Stored data entries
○ ○ ○ ○ ○
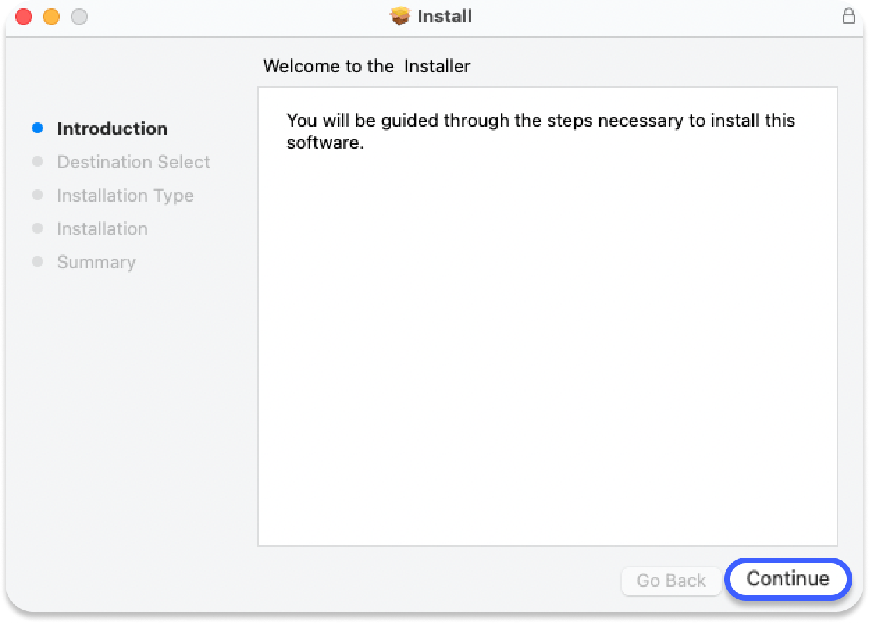 NOTE: Ensure the file is saved directly on your device, not in a cloud-synced folder like Dropbox. - An installer window will open. Click "Continue," then "Install."
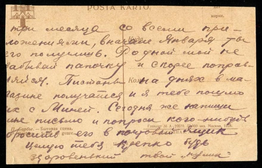 Три месяца со всеми приложениями, вначале [^в начале] января ты его получишь. Родной мой не забывай папочку и скорее поправляйся. Пистоны на днях в магазине получатся и я тебе пошлю их с Миней. Сегодня же напиши мне письмо и попроси кого-нибудь бросить его в почтовый ящик. Целую тебя крепко будь здоровенький твой «пулик»
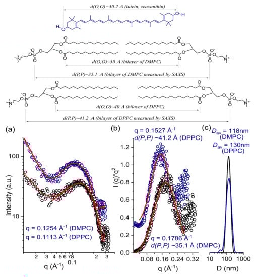 Top: Intramolecular dimensions of carotenoids and DMPC/DPPC bilayer as calculated by molecular mechanics [,]. The length of the carotenoid (lutein or zeaxanthin) corresponds to the length of the lipophilic segment of the DMPC phospholipid (double the average distance between the carbonyl group and the methyl group of the DMPC), and does not match the length of the lipophilic segment of the DPPC. Bottom: (a) SAXS data of DMPC-zeaxanthin (black) and DPPC-zeaxanthin (blue) LUVs; (b) Kratky plot from SAXS data, supporting the formation of unilamellar LUVs; and (c) Size distribution and the average diameter of DMPC-zeaxanthin (black) and DPPC-zeaxanthin (blue) LUVs measured by DLS (Figure S1).
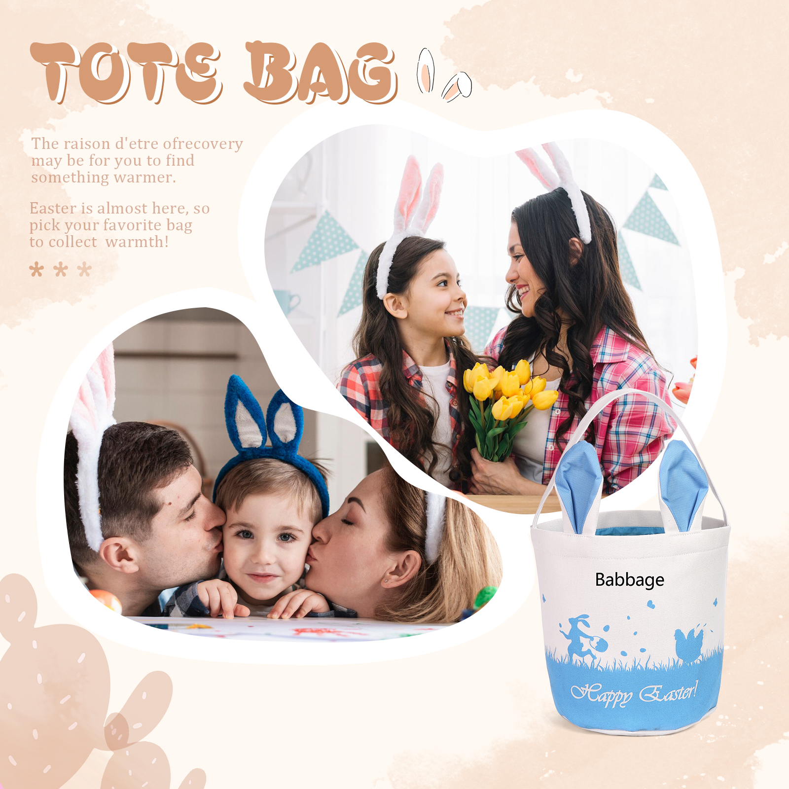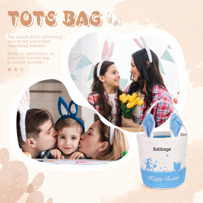 🐰 Welcome spring with our charming Easter Bunny Tote Bag – a personalized bunny bucket that adds a touch of whimsy to your festivities! 🐣🎉
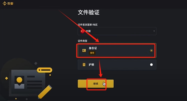 验证你的证件类型。你是什么证件就选择对应的证件,点击【继续】。
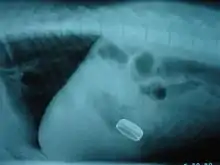 A variety of non-edible objects are commonly swallowed by dogs, cats, and cattle. These foreign bodies can cause obstruction of the gastrointestinal tract causing severe vomiting and resulting electrolyte imbalances. The stomach (gastrotomy) or intestine (enterotomy) can be surgically opened to remove the foreign body. Necrotic intestine can be removed (enterectomy) and repaired with intestinal anastomosis. Foreign bodies can also be removed by endoscopy, which although requires general anesthesia does not require surgery and significantly decreases recovery time.[20] However, endoscopic foreign body retrieval is anatomically limited to objects lodged in the esophagus, the stomach or the colon. The condition in cattle is known as hardware disease.
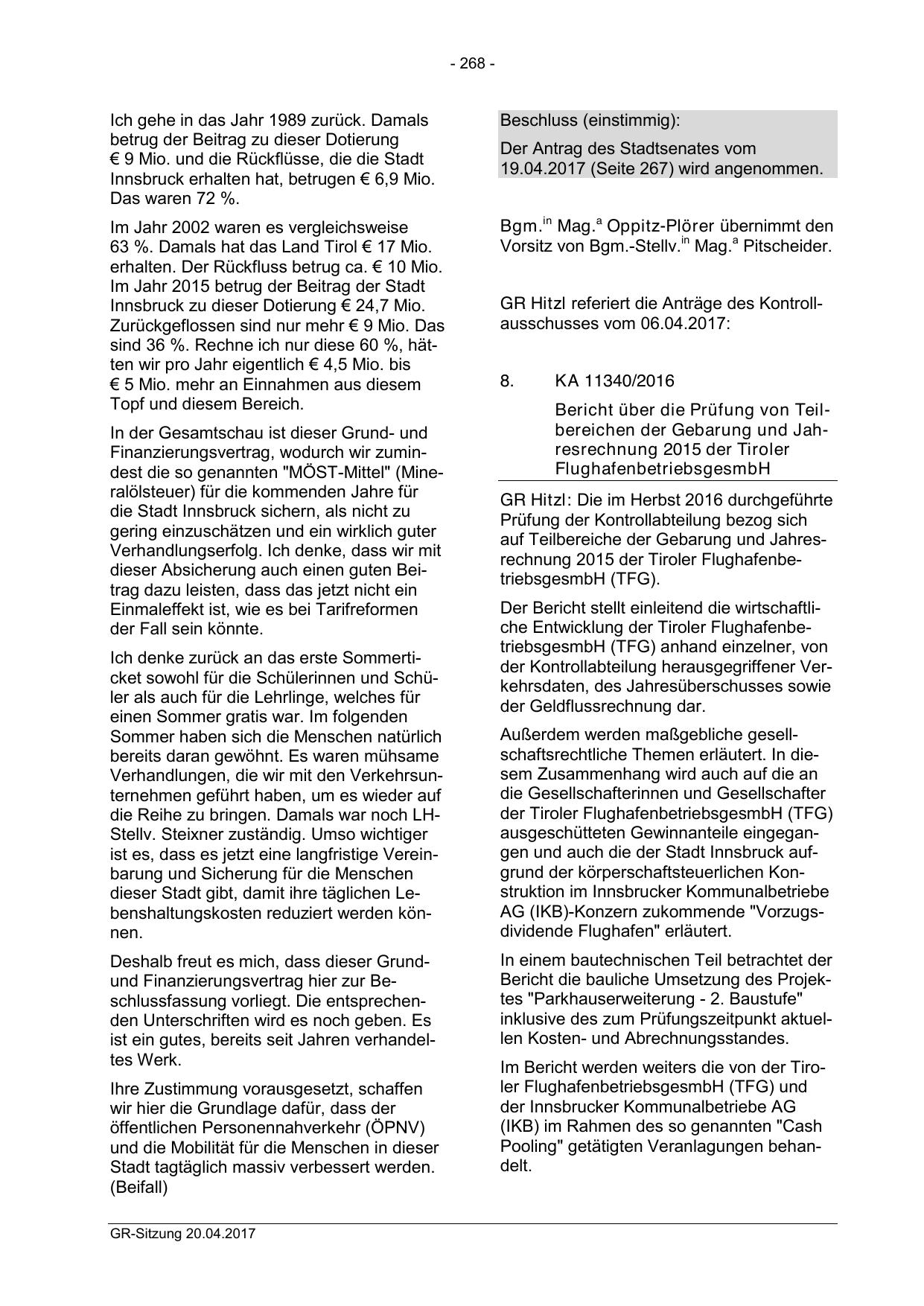 ausgeschütteten Gewinnanteile eingegangen und auch die der Stadt Innsbruck aufgrund der körperschaftsteuerlichen Konstruktion im Innsbrucker Kommunalbetriebe
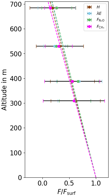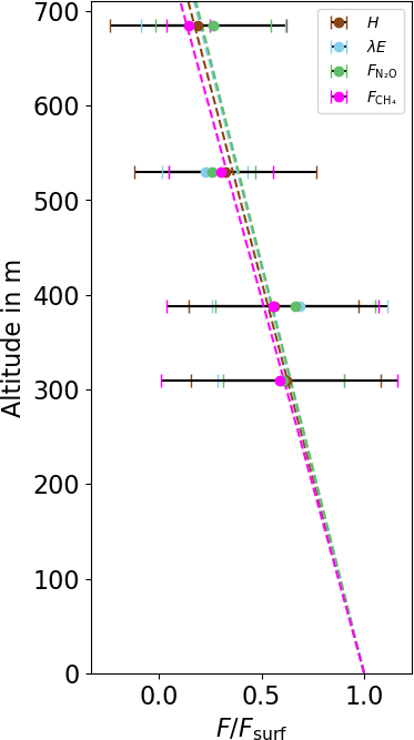 When using EC fluxes for surface emission mapping or inventory comparisons, in situ fluxes, measured at a certain altitude zmeas, must be scaled to represent surface fluxes. GHG fluxes are primarily driven by surface processes, but this influence diminishes with altitude. At the top of the PBL, fluxes are largely controlled by exchange processes between the PBL and the free troposphere in the entrainment zone. As a result, fluxes can approach zero when concentrations gradients between PBL and free atmosphere are minimal or, may even change sign at or just below zi, the boundary layer height. For example, the sensible heat flux, H, can become negative in the presence of temperature inversions, and GHG-fluxes may reverse if the concentration in the free atmosphere is elevated through long-range transport (Gioli et al.2004; Vickers and Mahrt1997; Stull1988)). We accounted for this vertical flux divergence by measuring fluxes at different altitudes inside the PBL, and linearly extrapolating them to the surface. Corresponding calculations and related uncertainties can be found in Appendix A. Footprint calculations are necessary to accurately assign localized flux measurements (at the position of the aircraft) to corresponding source areas on the surface. Kljun et al. (2004) provides a 1-D parameterization technique to estimate the footprint extent considering the along wind dispersion, whereas Metzger et al. (2012) expanded this model by a Gaussian modeled cross-wind contribution function, to get an estimate of the 2-D footprint area. Both models were applied in different studies, including airborne EC (Vaughan et al.2021, 2017; Metzger et al.2012). Additionally, there are simple approximations of the half-width footprint size, used by Wolfe et al. (2018) or Karl et al. (2013), which is defined to contain 50 % of the measured flux:
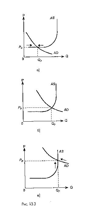 На рис. 13.За пересечение кривых происходит на горизонтальном участке кривой предложения, где движение к равновесному реальному объему национального продукта не сопровождается изменением уровня цен (Р), а вызвано вовлечением в производство неиспользованных ресурсов.
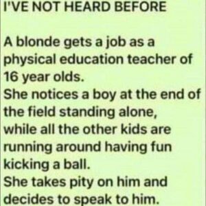 A blonde gets a job as a physical education teacher of 16-year-olds. She notices a boy at the end of the field standing alone, while all the…
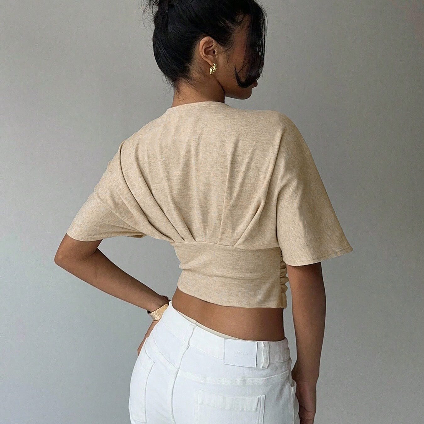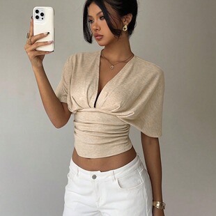 通勤优雅风套头针织蝙蝠袖 女士杏色涤纶 短袖
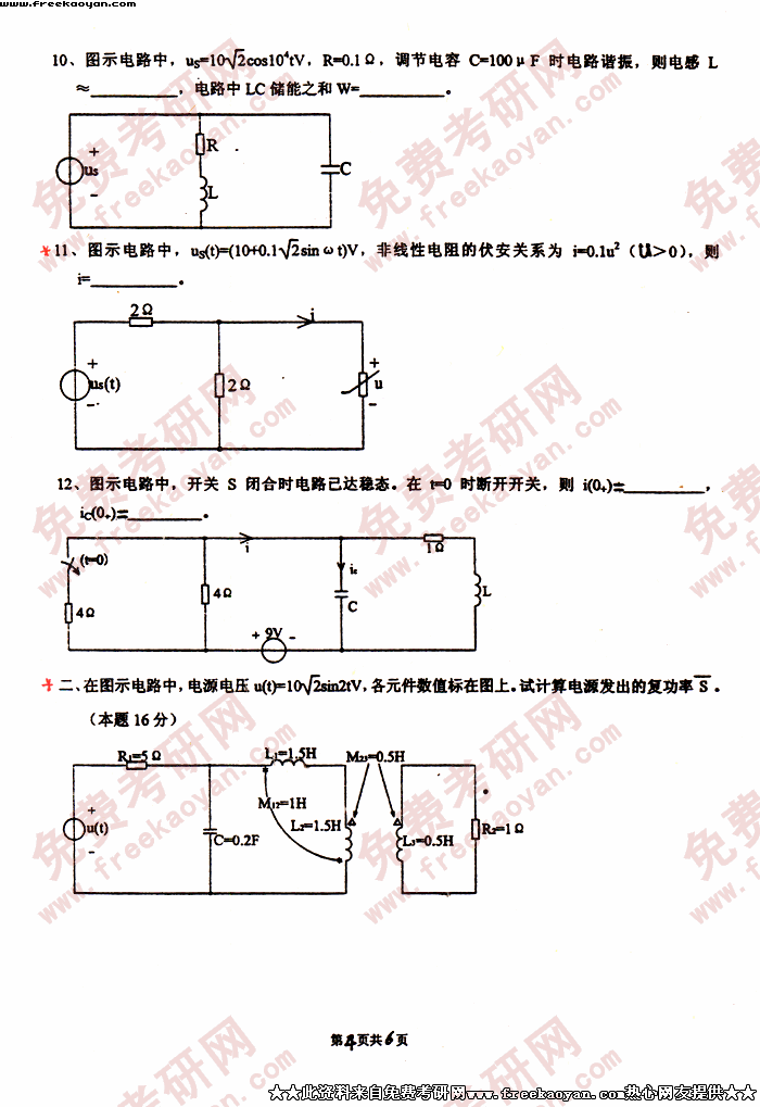 东南大学2004年半岛在线注册真题-电工基础(不全)
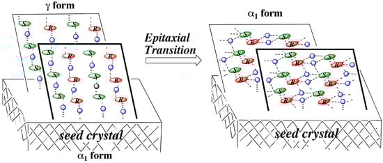Schematic representation of epitaxial transition of a metastable γ-form polymorph into an α1-form one on the surface of an α1-form seed crystal, inducing preferential enrichment.
○ ○ ○ ○ ○
What to do>
Set down word for word the lines from the first entry through the line with "验证你的证件类型。你是什么证件就选择对应的证件,点击【继续】。", both included, omitting pictures.

Response area>
 NOTE: Ensure the file is saved directly on your device, not in a cloud-synced folder like Dropbox. - An installer window will open. Click "Continue," then "Install."
 Три месяца со всеми приложениями, вначале [^в начале] января ты его получишь. Родной мой не забывай папочку и скорее поправляйся. Пистоны на днях в магазине получатся и я тебе пошлю их с Миней. Сегодня же напиши мне письмо и попроси кого-нибудь бросить его в почтовый ящик. Целую тебя крепко будь здоровенький твой «пулик»
 Top: Intramolecular dimensions of carotenoids and DMPC/DPPC bilayer as calculated by molecular mechanics [,]. The length of the carotenoid (lutein or zeaxanthin) corresponds to the length of the lipophilic segment of the DMPC phospholipid (double the average distance between the carbonyl group and the methyl group of the DMPC), and does not match the length of the lipophilic segment of the DPPC. Bottom: (a) SAXS data of DMPC-zeaxanthin (black) and DPPC-zeaxanthin (blue) LUVs; (b) Kratky plot from SAXS data, supporting the formation of unilamellar LUVs; and (c) Size distribution and the average diameter of DMPC-zeaxanthin (black) and DPPC-zeaxanthin (blue) LUVs measured by DLS (Figure S1).
 🐰 Welcome spring with our charming Easter Bunny Tote Bag – a personalized bunny bucket that adds a touch of whimsy to your festivities! 🐣🎉
 验证你的证件类型。你是什么证件就选择对应的证件,点击【继续】。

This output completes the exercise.